■ To do
From the first line down to the line containing "Carlo Carrà Quargnento", print the records below exactly, leaving every picture out.

■ Dataset records
-------------------------
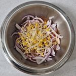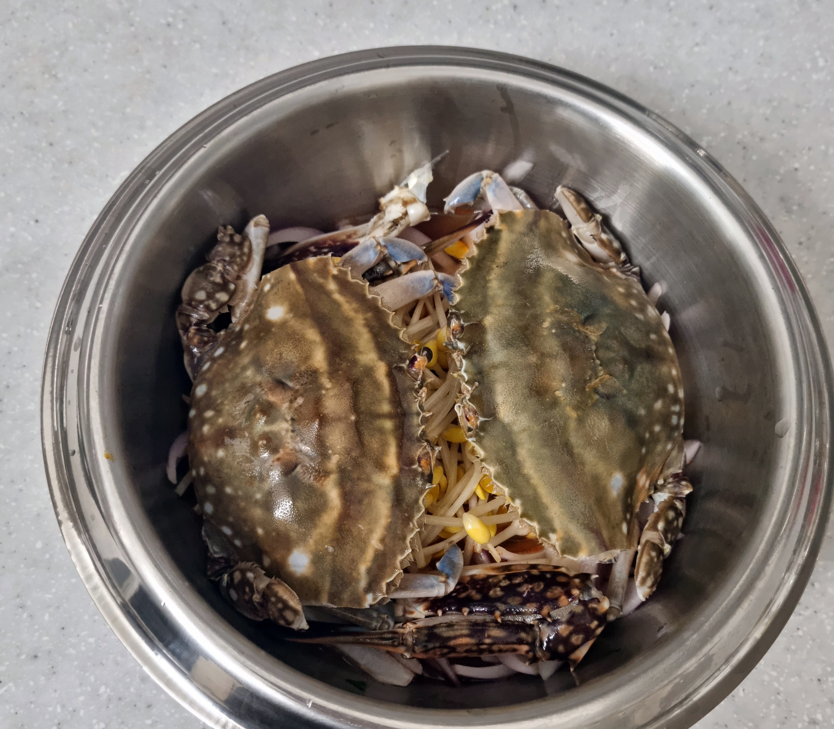 다데기양념 물에 풀고 양파, 대파, 콩나물을 먼저 넣은 후 꽃게를 채소 위에 얹어요.
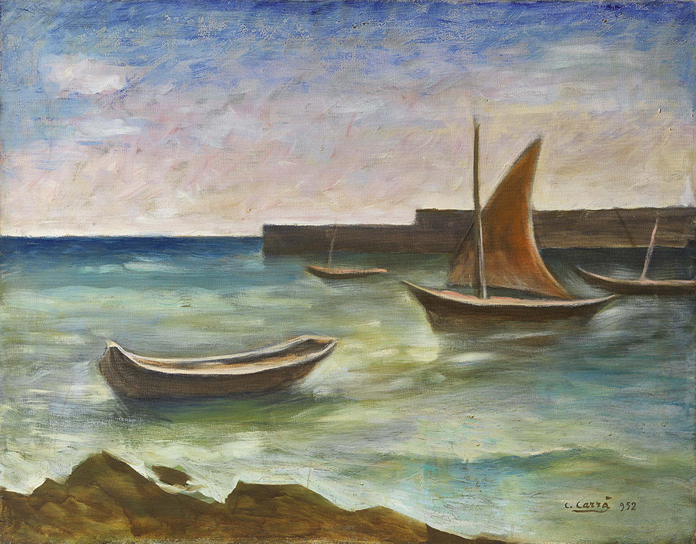Carlo Carrà Quargnento (Al) 1881 - Milano 1966 Marina, 1952 Olio su tela, cm. 69,7x90 Firma e data in basso a destra: C. Carrà 952. Al verso sulla tela: etichetta con n. 8835 e timbro Galleria Annunciata, Milano; sul telaio: timbro Galleria Annunciata, con n. 2748. Storia Galleria Michaud, Firenze; Collezione J. Mignoni Strada, Rapallo; Collezione privata Bibliografia Massimo Carrà, Carrà, tutta l'opera pittorica volume III, 1951-1966, L'Annunciata / La Conchiglia, Milano, 1968, pp. 73, 571, n. 11/52.
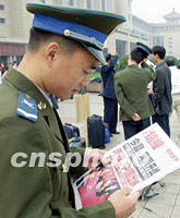 中新社北京十月八日電 (記者王玲)這個清晨對北京市民來說有些不尋常。國慶長假結(jié)束后的第一天,街上重新一片匆忙。當(dāng)昨夜國足勝利的狂歡氣氛漸漸散去之后,凌晨時分在阿富汗打響的一場戰(zhàn)爭聚焦了北京人關(guān)注的目光。 清晨,一些早起的市民首先從電視和收音機(jī)中得知了這一訊息,晨練的人們停下來,專注地收聽有關(guān)這場戰(zhàn)爭的報道;而在多數(shù)家庭里,人們一邊吃早餐一邊從電視早間新聞中關(guān)注阿富汗的情況。 記者與一位四十歲左右的先生聊了起來。他認(rèn)為戰(zhàn)爭只會引起世界經(jīng)濟(jì)的動蕩不安,而中國的發(fā)展需要和平穩(wěn)定的外部環(huán)境。 三十多歲的黃先生是凌晨一時左右從電視新聞中得知這一消息的,他認(rèn)為戰(zhàn)爭會惡化亞洲的安全秩序,對中國乃至整個世界的安全、經(jīng)濟(jì)等都會造成沖擊。 記者留意了一下北京街頭上出售的報紙對此事的報道。大部分報紙的頭版頭條幾乎在顯著位置全是中國足球隊贏得世界杯決賽權(quán)的巨幅照片。而各大網(wǎng)站則報道了美國對阿采取軍事行動的新聞。 |
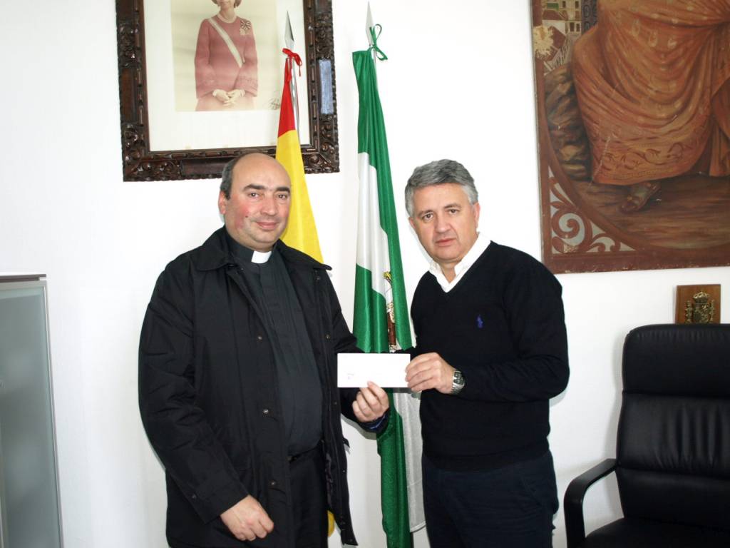 El Alcalde de Constantina, Mario Martínez, en nombre del Ayuntamiento, ha hecho entrega esta mañana al Cura-Párroco de la localidad, Javier Martínez, de un cheque con una aportación económica que irá destinada a Cáritas Parroquial.
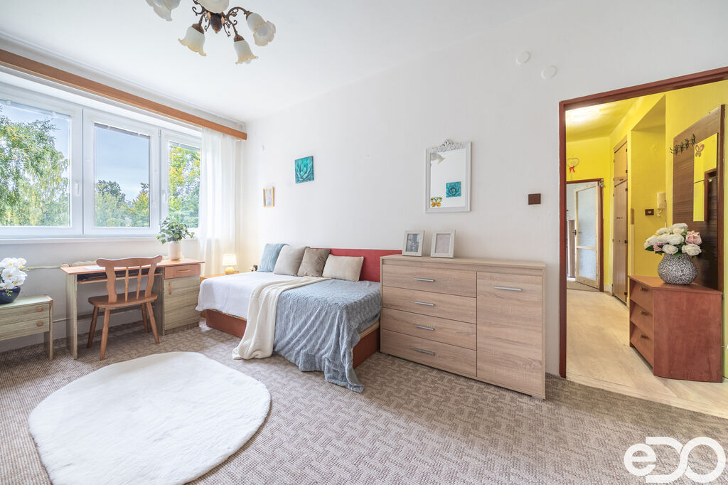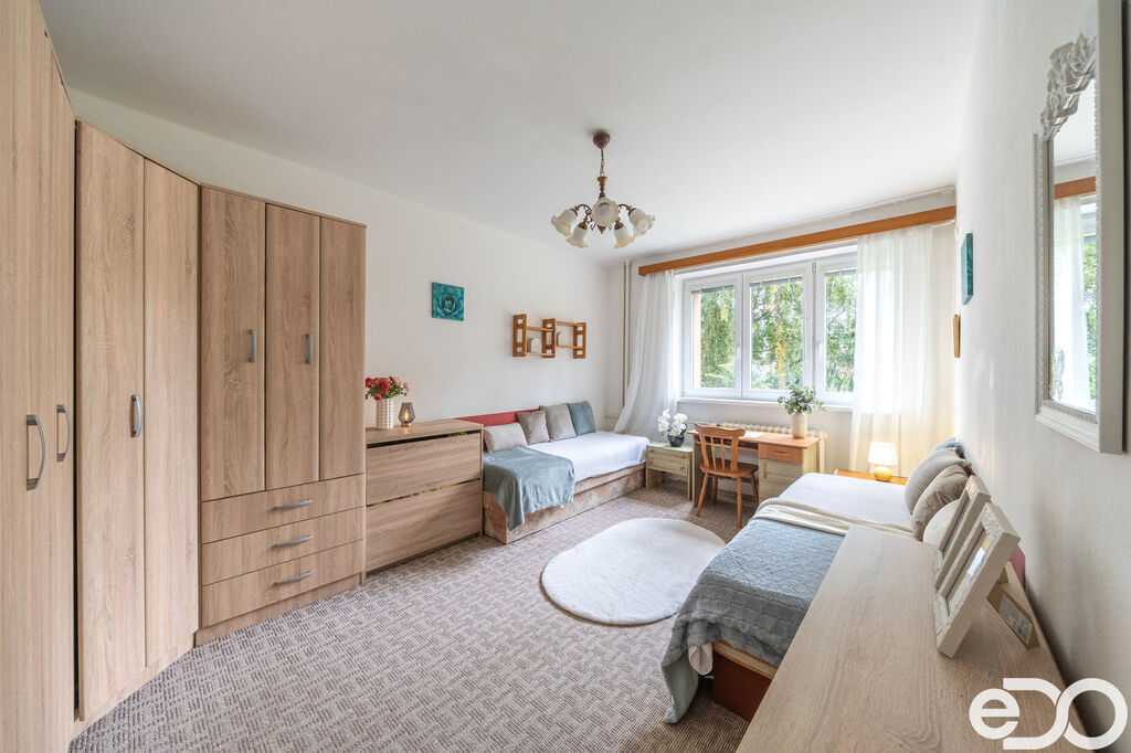 Součástí bytu jsou dva prostorné samostatné pokoje, které mohou sloužit jako dětský pokoj a ložnice. Dále v bytě najdeme kuchyň se spíží, koupelnu a samostatné WC, chodbu a předsíň. Součástí bytu je karma, která slouží k ohřevu teplé vody. Topení je ústřední, v kuchyni najdeme plynový sporák.
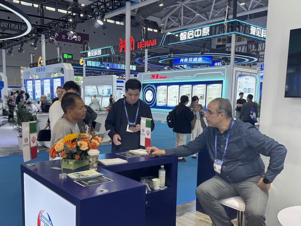 ▲2025年11月14日,在第二十七届中国国际高新技术成果交易会现场,伊朗萨拉姆医疗集团研发主任、医学博士米拉雷扎·塔克亚尔在展位上洽谈。新华社记者 杨深深 摄
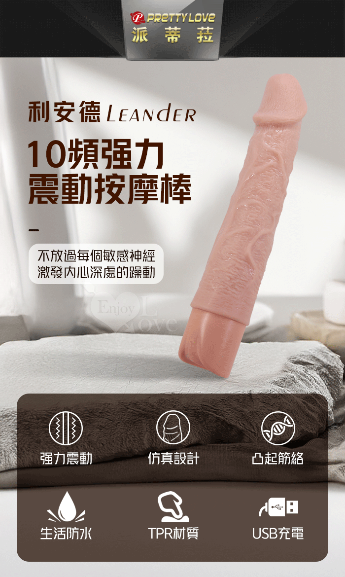 派蒂菈 ‧ Leander 利安德 10段變頻震動 膚色肌仿真筋絡老二造型充電按摩棒﹝NO.1/7.9″ 20cm﹞
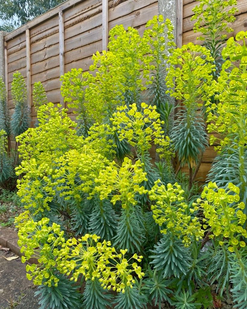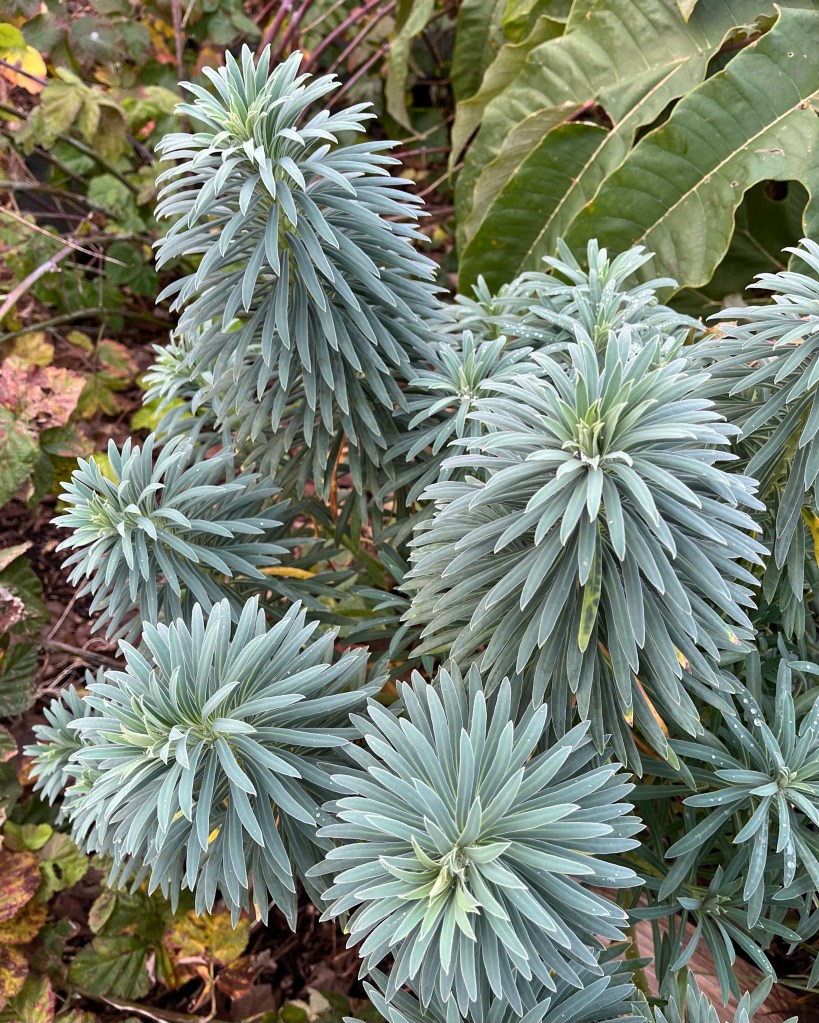 Is Euphorbia characias subsp. wulfenii under appreciated on account of its ubiquity and its habit of being quiet during the summer? It instead chooses to display when few are looking, with first rate foliage in late November prior to the beginning of winter when the days are short and most folks are inside and then in late March with acid green flowers when the daffodils are stealing the show. You would think that choosing to look good at a time when many others don’t is a good popularity strategy that’s bound to work on gardeners intent on prolonging the season but in reality this can make the plant hard to use in a mixed or herbaceous border context, many times finding itself without a contrasting complimentary partner and surrounded by plants that have peaked long ago. Below two photographs from late November (leaf) and late March (flower) separate locations but same species.
-------------------------
■ Exercise response
 다데기양념 물에 풀고 양파, 대파, 콩나물을 먼저 넣은 후 꽃게를 채소 위에 얹어요.
Carlo Carrà Quargnento (Al) 1881 - Milano 1966 Marina, 1952 Olio su tela, cm. 69,7x90 Firma e data in basso a destra: C. Carrà 952. Al verso sulla tela: etichetta con n. 8835 e timbro Galleria Annunciata, Milano; sul telaio: timbro Galleria Annunciata, con n. 2748. Storia Galleria Michaud, Firenze; Collezione J. Mignoni Strada, Rapallo; Collezione privata Bibliografia Massimo Carrà, Carrà, tutta l'opera pittorica volume III, 1951-1966, L'Annunciata / La Conchiglia, Milano, 1968, pp. 73, 571, n. 11/52.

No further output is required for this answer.